PGH Web

PGH Web

Web Solutions from Pittsburgh

The Subtle Bug That Lives in Your Retry Logic

Jeff Straney·

I debugged a problem once where an API call was failing consistently with a 400 error. Our code was retrying. The error was happening five times, the code was retrying five times, and the request was failing five times the same way. We were not fixing the problem. We were just wasting time retrying something that would never succeed.

The real cost showed up downstream. A dependent service was timing out waiting for the result. The request was not timing out fast, it was timing out slow, retrying all the way down.

That is when I learned the distinction between retriable errors and non-retriable errors, and why most retry logic gets it backwards.

Retriable vs Non-Retriable

A retriable error is one where the cause is transient. Network timeout. Service temporarily unavailable. Connection pool exhausted. Rate limited. These will probably succeed if you try again.

A non-retriable error is one where the cause is permanent. Invalid credentials. Malformed request. Not found. Unauthorized. Bad gateway. Retrying will not fix these. The same error will happen again.

The mistake is treating them the same. Code that retries a 401 Unauthorized is worse than code that fails immediately, because it turns a quick failure into a slow one. Code that fails immediately on a network timeout is worse than code that retries, because it gives up on a transient problem.

What Actually Happens

When you retry a request that is failing for a permanent reason, you are adding delay to a problem that was already a problem. The user or the dependent service is now waiting longer for bad news. If there is cascading failure (timeouts triggering more retries), you are amplifying it.

I watched a payment service go down because the error handling was retrying on every error, including 500 Bad Gateway. The gateway was having issues. The service kept retrying. The retries piled up. The service became slower, which made the gateway more overloaded, which made more requests fail, which made more retries happen. The right choice would have been to fail fast on a 500 and let the downstream service handle it.

How to Know the Difference

The rule of thumb: if retrying would produce a different result, it is retriable. If it would produce the same error, it is not.

Retriable: network timeout (next attempt might succeed), service temporarily unavailable (it might recover), rate limited (you can try again later).

Non-retriable: 400 bad request (the request is still bad), 401 unauthorized (you are still not authorized), 404 not found (it is still not there), 500 with a permanent cause (code has a bug).

The trap is that 500 errors can be both. A 500 from an overloaded database might be retriable. A 500 from a bug in the service is not. You cannot always tell from the error code.
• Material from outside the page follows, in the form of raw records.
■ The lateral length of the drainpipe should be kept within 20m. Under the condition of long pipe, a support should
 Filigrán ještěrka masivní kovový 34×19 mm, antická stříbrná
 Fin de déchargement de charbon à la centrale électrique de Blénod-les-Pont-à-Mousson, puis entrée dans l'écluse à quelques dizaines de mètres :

The Practical Implementation

Most retry logic looks like this:

for i := 0; i < maxRetries; i++ {
    resp, err := callService()
    if err == nil {
        return resp, nil
    }
    // always retry
}

Better retry logic looks like this:

for i := 0; i < maxRetries; i++ {
    resp, err := callService()
    if err == nil {
        return resp, nil
    }
    if !isRetriable(err) {
        return nil, err // fail fast on permanent errors
    }
    // backoff before retry
    time.Sleep(backoffDuration(i))
}

The isRetriable function is the key. It has to know which errors are worth retrying.
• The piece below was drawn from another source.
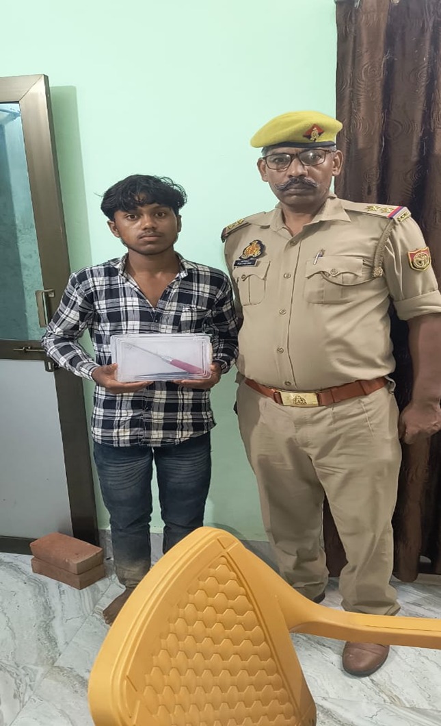 जौनपुर: पुलिस अधीक्षक द्वारा अपराध की रोकथाम एवं अपराधियों की गिरफ्तारी हेतु चलाये जा रहे चेंकिग अभियान के दौरान थाना महराजगंज पुलिस टीम द्वारा थानाध्यक्ष महराजगंज के नेतृत्व में दिनांक 16/17.07.25 की रात्रि में ABS चौकी के पास से मोटरसाइकिल सवार युवक को चेकिंग किया गया, युवक के पास से एक अवैध चाकू बरामद हुआ, जिससे अपराध करने के फिराक मे था, गिरफ्तारी व बरामदगी के आधार पर मु0अ0सं0- 123/25 धारा 4/25 आर्म्स एक्ट कर आवश्यक विधिक कार्यवाही की जा रही है ।
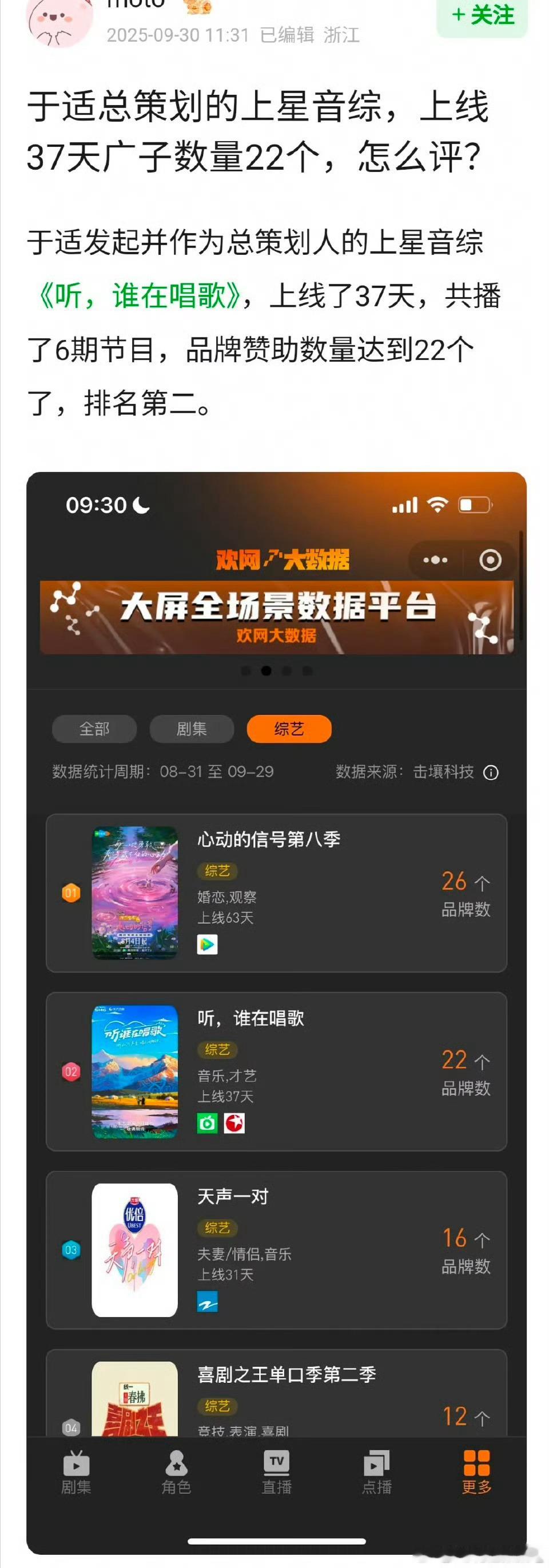于适总策划的上星音综,上线37天广子数量22个,号召力好强啊

func isRetriable(err error) bool {
    // network errors are retriable
    if errors.Is(err, context.DeadlineExceeded) {
        return true
    }
    
    // rate limits are retriable
    if errors.Is(err, rateLimitError) {
        return true
    }
    
    // check the HTTP status code
    if httpErr, ok := err.(interface{ StatusCode() int }); ok {
        code := httpErr.StatusCode()
        // 429 (rate limited), 503 (unavailable), 504 (timeout)
        return code == 429 || code == 503 || code == 504
    }
    
    // everything else is not retriable
    return false
}

This is not perfect. A 500 error might be permanent or transient. But it is better than retrying everything or nothing.

The Backoff Part

Retrying is not enough. You also need to back off. If you retry immediately, you are not giving the temporary problem time to resolve. You are just hammering the same failing service.
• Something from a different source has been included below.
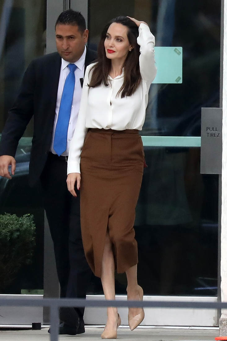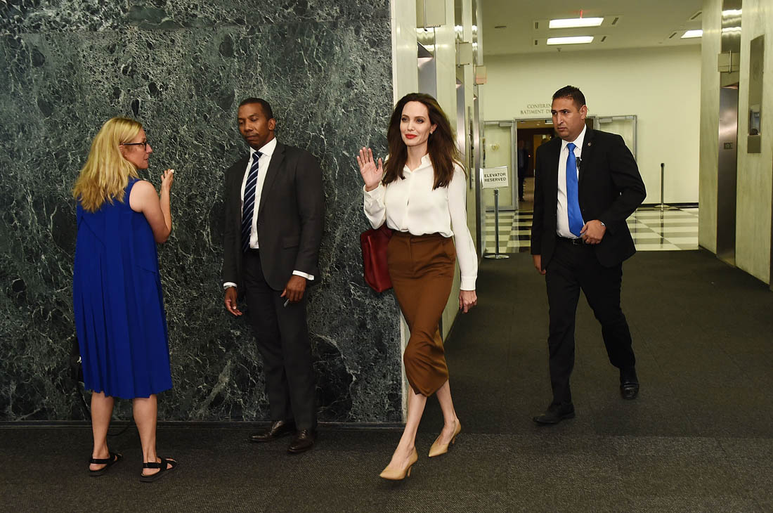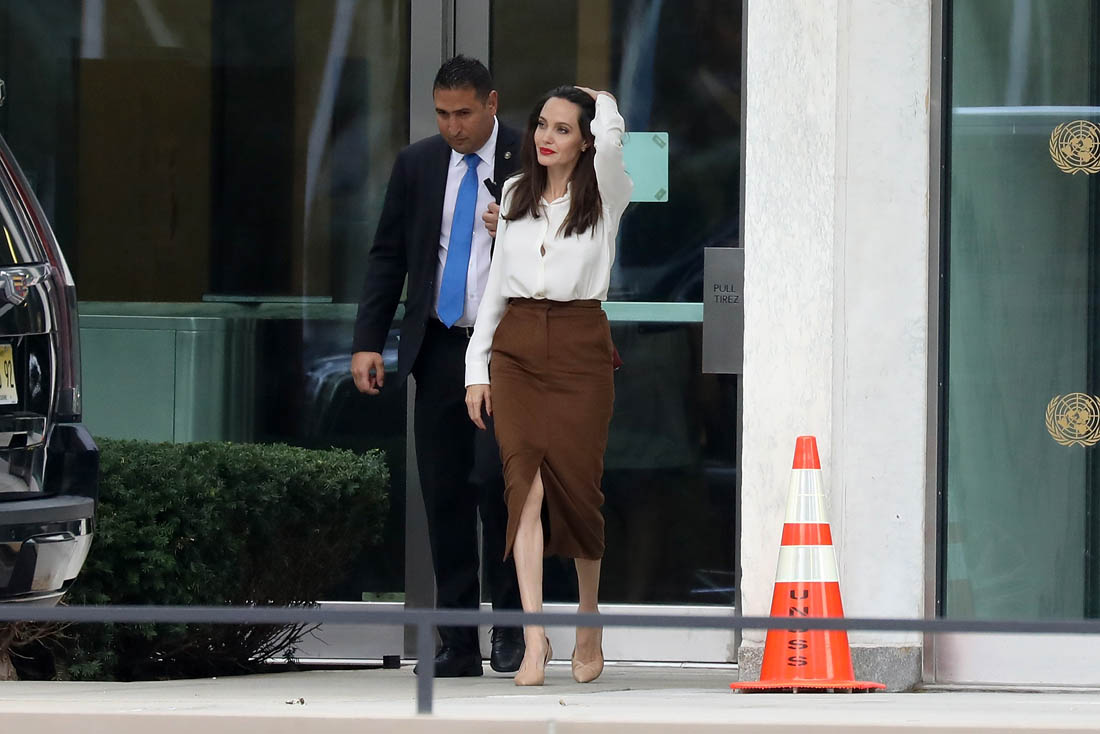 Angelina Jolie met with UN Secretary General Antonio Guterres yesterday at the United Nations headquarters. Details of what was discussed were not released but he was formerly the UN High Commissioner for Refugees and she’s the Special Envoy for the UN Refugee Agency so it’s probably not hard to guess what their conversation was about.

Exponential backoff is the pattern: wait a small amount, then wait longer on each retry.

attempt 1: no wait
attempt 2: wait 100ms
attempt 3: wait 200ms
attempt 4: wait 400ms
attempt 5: wait 800ms

This gives the service time to recover while still trying again. It also prevents thundering herd: if 1000 clients all fail and retry immediately, you get 1000 simultaneous requests. If they all back off, the load comes back more gradually.

The Real Cost

I have seen services brought down by retry logic that did not distinguish between retriable and non-retriable errors. They amplified failure instead of recovering from it. The fix is always the same: stop retrying things that will never succeed, and add backoff to things that might.

This is not a new idea. But it is a subtle enough bug that I have seen it in production code from teams that really should have known better. The error code does not tell you whether to retry. The nature of the error does. Building a distinction between them into your retry logic is the difference between resilience and cascade failure.